Arrive, pour nous, le moment de quitter. C’est impensable pour moi de te laisser derrière nous sans notre chaleur, ça me fend le cœur. On prend encore quelques minutes avec toi. On en profite au maximum. On sait que ça sera la dernière fois. On verse tous les larmes de notre corps. Ce qui nous apporte un peu de réconfort c’est de savoir que ton grand-père Léon t’attend en haut et qu’il s’occupera aussi bien de toi qu’il l’a fait avec moi.

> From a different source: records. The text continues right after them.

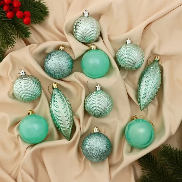 Ёлочные игрушки «Мелодия», шары новогодние, набор 11 шт., зелёный — Характеристики
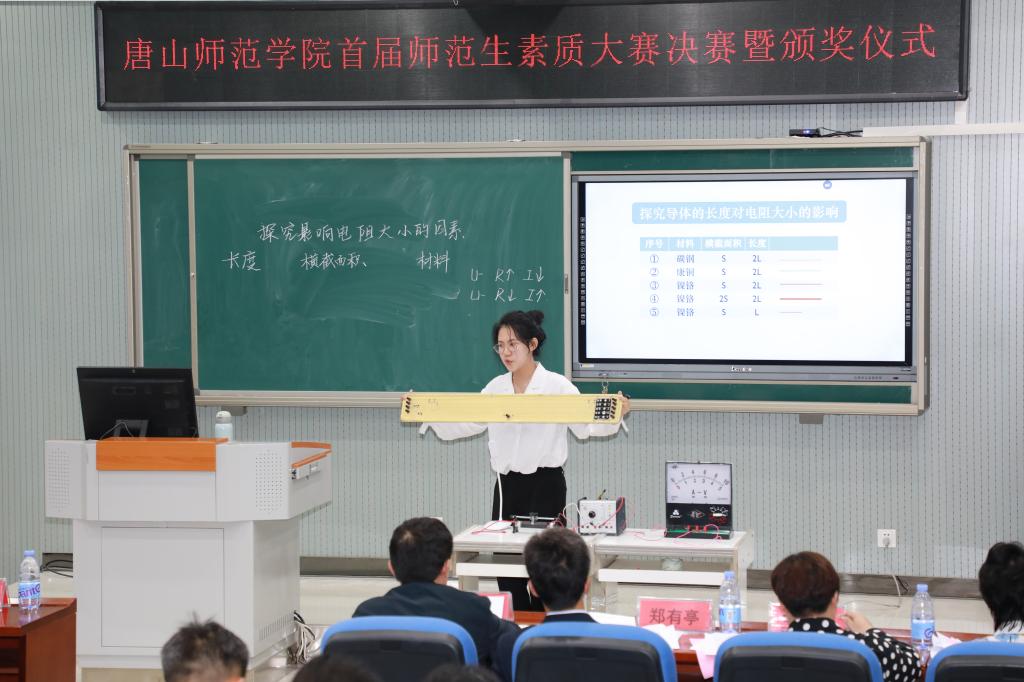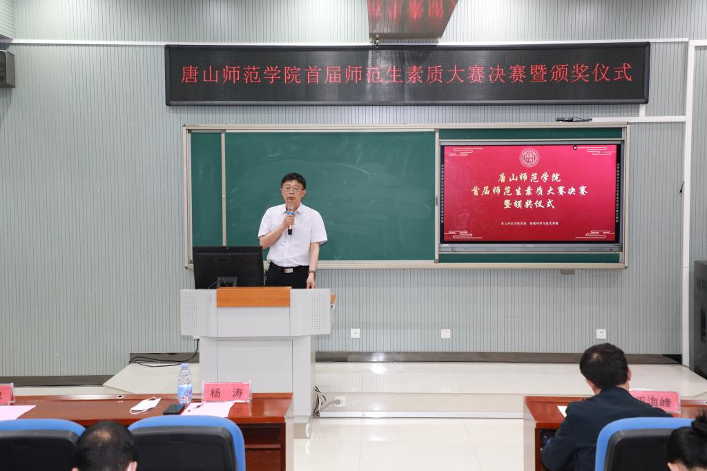 副校長楊濤指出,我校作為一所師范院校,歷來重視師范生的綜合素質(zhì)培養(yǎng),為師范生的發(fā)展成長搭建了很多平臺,與唐山市教育局認真組織師范生近一學(xué)期的教育實習(xí),籌建1800平米的教師職業(yè)技能訓(xùn)練中心,積極申報師范類相關(guān)專業(yè)的二級認證工作,全方位地提高學(xué)生的專業(yè)素質(zhì)能力。他強調(diào),本次比賽是對我校師范生素質(zhì)和技能的一次檢閱,也是展示未來教師風(fēng)采的一個平臺,各院系一定要重視師范生的師范技能培養(yǎng),在工作中要以習(xí)近平總書記提出的“四有”好老師標準培養(yǎng)師范生,以強化學(xué)生的思想政治素質(zhì)和師德師風(fēng)建設(shè)為首要任務(wù),讓同學(xué)們堅定理想信念,恪守師德準則,涵養(yǎng)教師情懷,全面提高我校師范生教師就業(yè)能力標準。
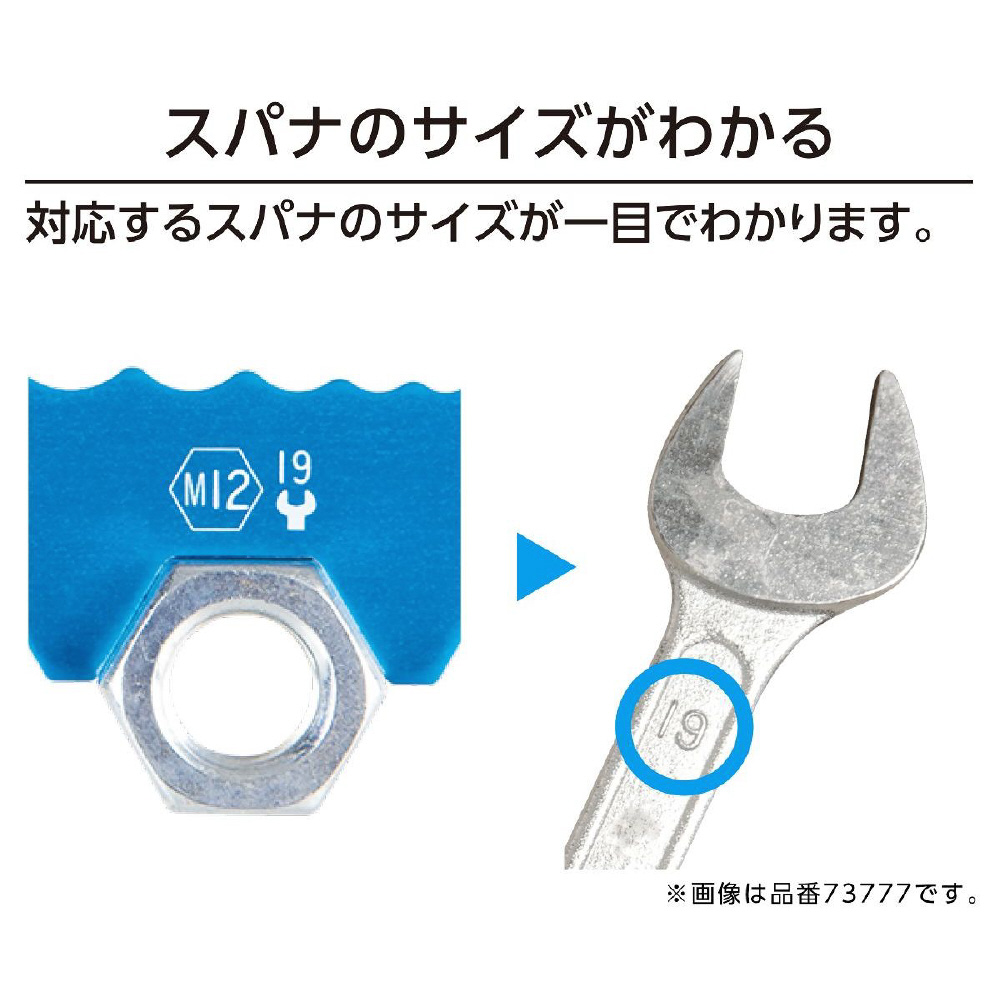 対応するスパナのサイズが一目でわかります。
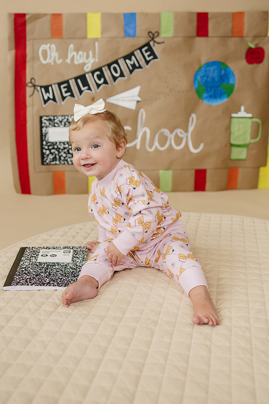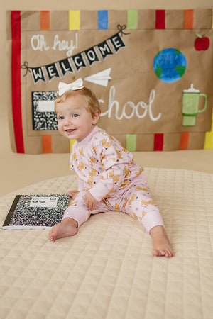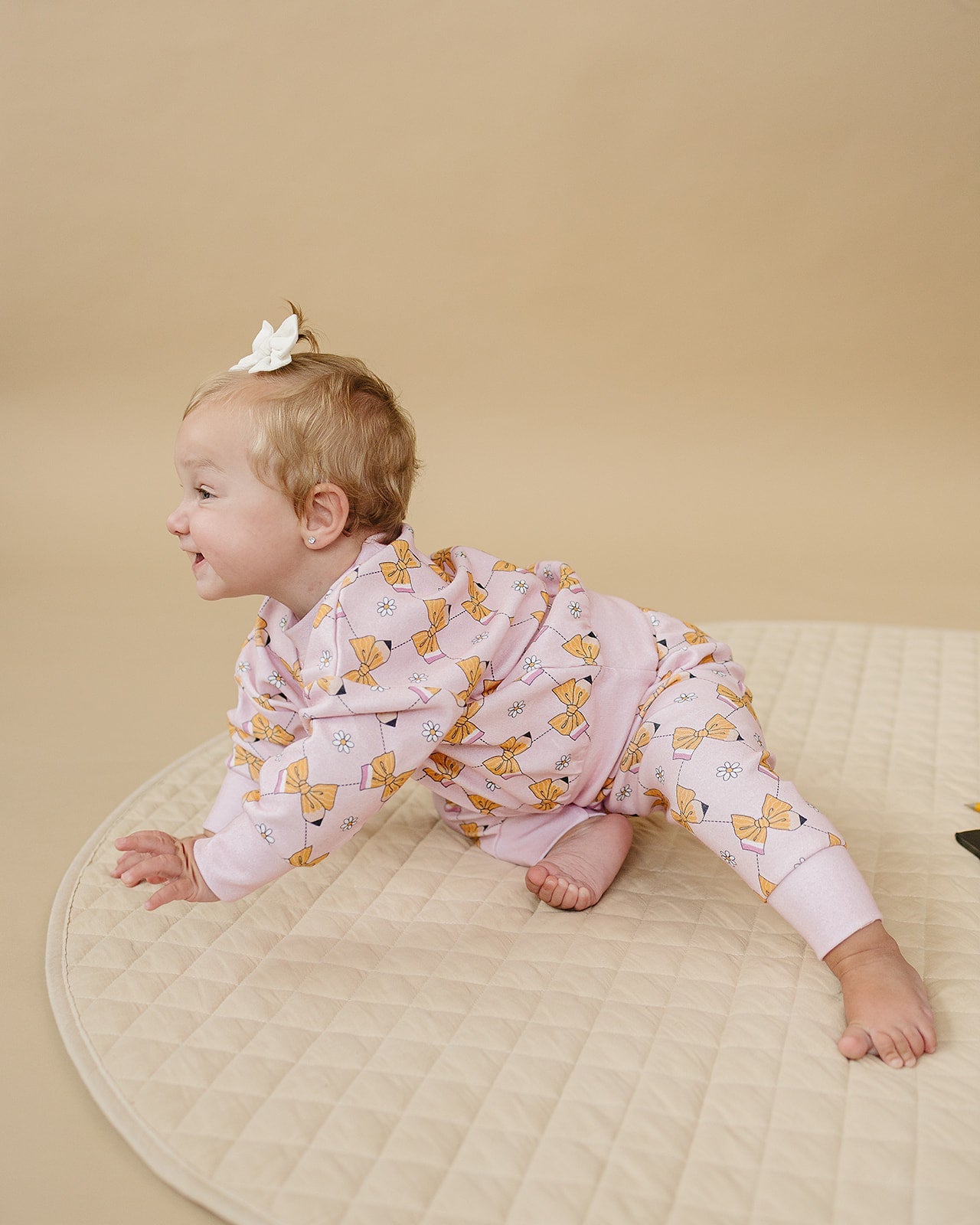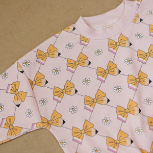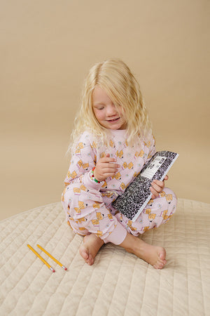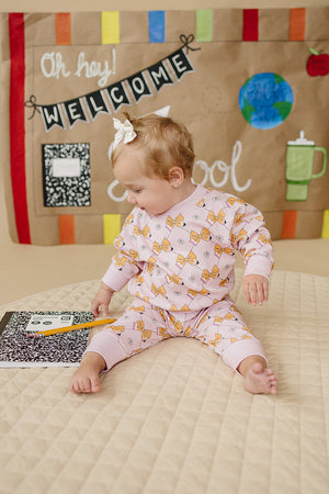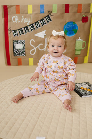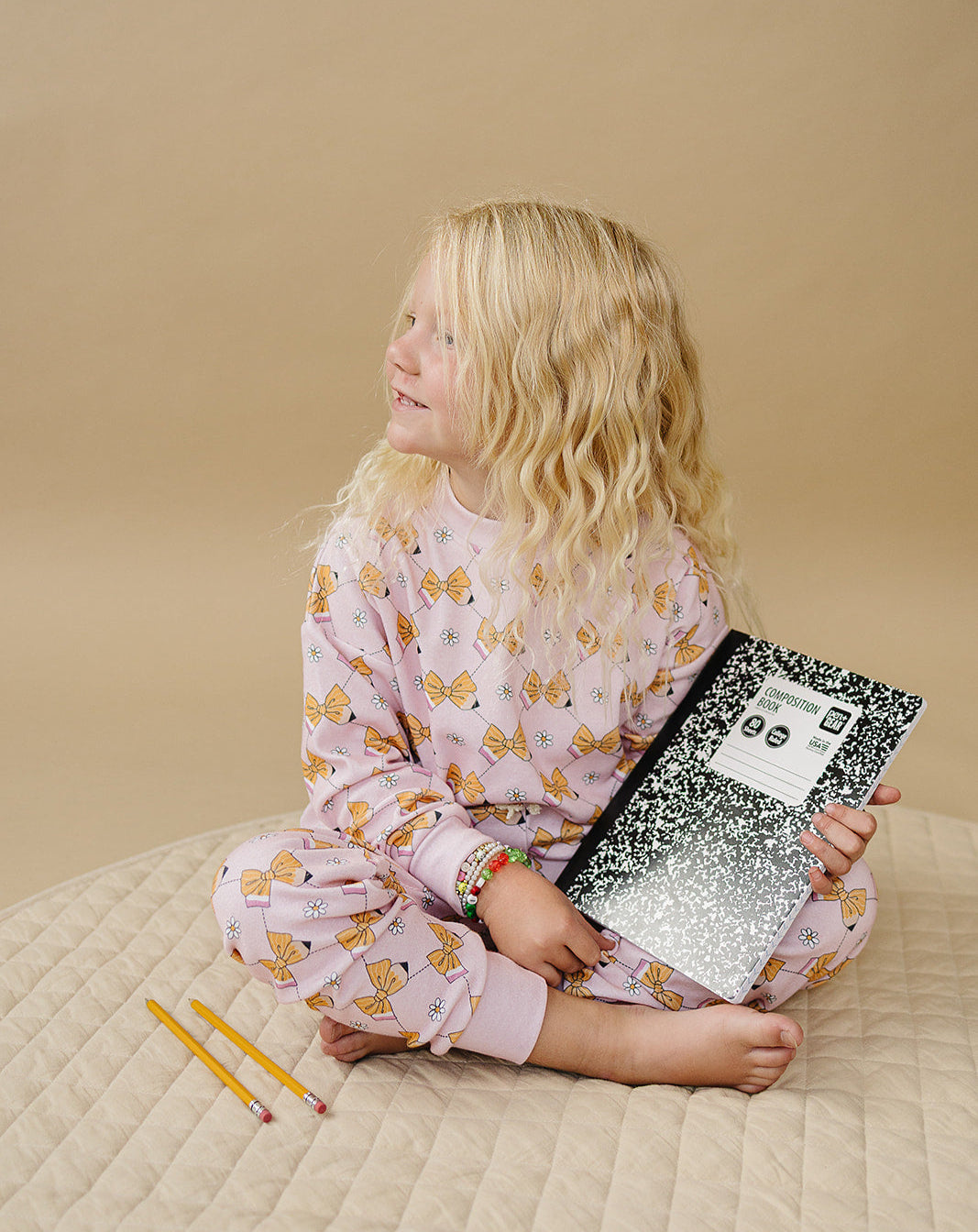 Pencil bows, daisy doodles, and the dreamiest shade of pink. The Jogger Set | Pixie Pencil is ready for recess, reading time, and after school snuggles.

On fini par quitter, mais te laisser là dans cette grande chambre tout seul dans ton lit est beaucoup trop difficile. C’est à ce moment que l’infirmière nous propose de t’amener auprès d’elle le temps qu’on vienne te chercher. Papa te couvre bien, il a peur que tu aies froid même s’il sait que ce n’est pas rationnel, mais c’est plus fort que lui. On te suit dans le corridor et l’infirmière t’apporte dans une pièce près d’elle. C’est si dur de te laisser là. En passant devant le poste des infirmières, j’ai juste le goût de m’effondrer. Je sais qu’elles sont là, qu’elles me regardent sûrement par compassion mais c’est trop douloureux de les regarder. On réussit à traverser les portes de la maternité, ce n’est pas croyable à quel point c’est pénible de repartir sans toi avec comme souvenir quelques photos et une boîte contenant tes vêtements, mais surtout avec le ventre vide.
Quelques semaines ont passées depuis. Ce n’est pas toujours facile, mais je sais que la douleur finira par s’atténuer. Je sais qu’on ne sera plus jamais les mêmes après cette épreuve, mais j’ai eu la chance que tu fasses partie de nos vies même si ça l’a été trop court. L’idée que tu sois avec nous a été brève, mais tu seras toujours dans nos cœurs. Quand on regardera les étoiles et qu’on verra 2 étoiles briller une à coté de l’autre, on saura que c’est grand-père Léon qui te bercera là-haut. Ton passage a été comme une étoile filante, mais tu continueras à briller dans nos cœurs. Alors, je voulais laisser une trace de ton histoire sur cette terre.
Brille petite étoile.
Ta maman qui t’aimera pour toujours.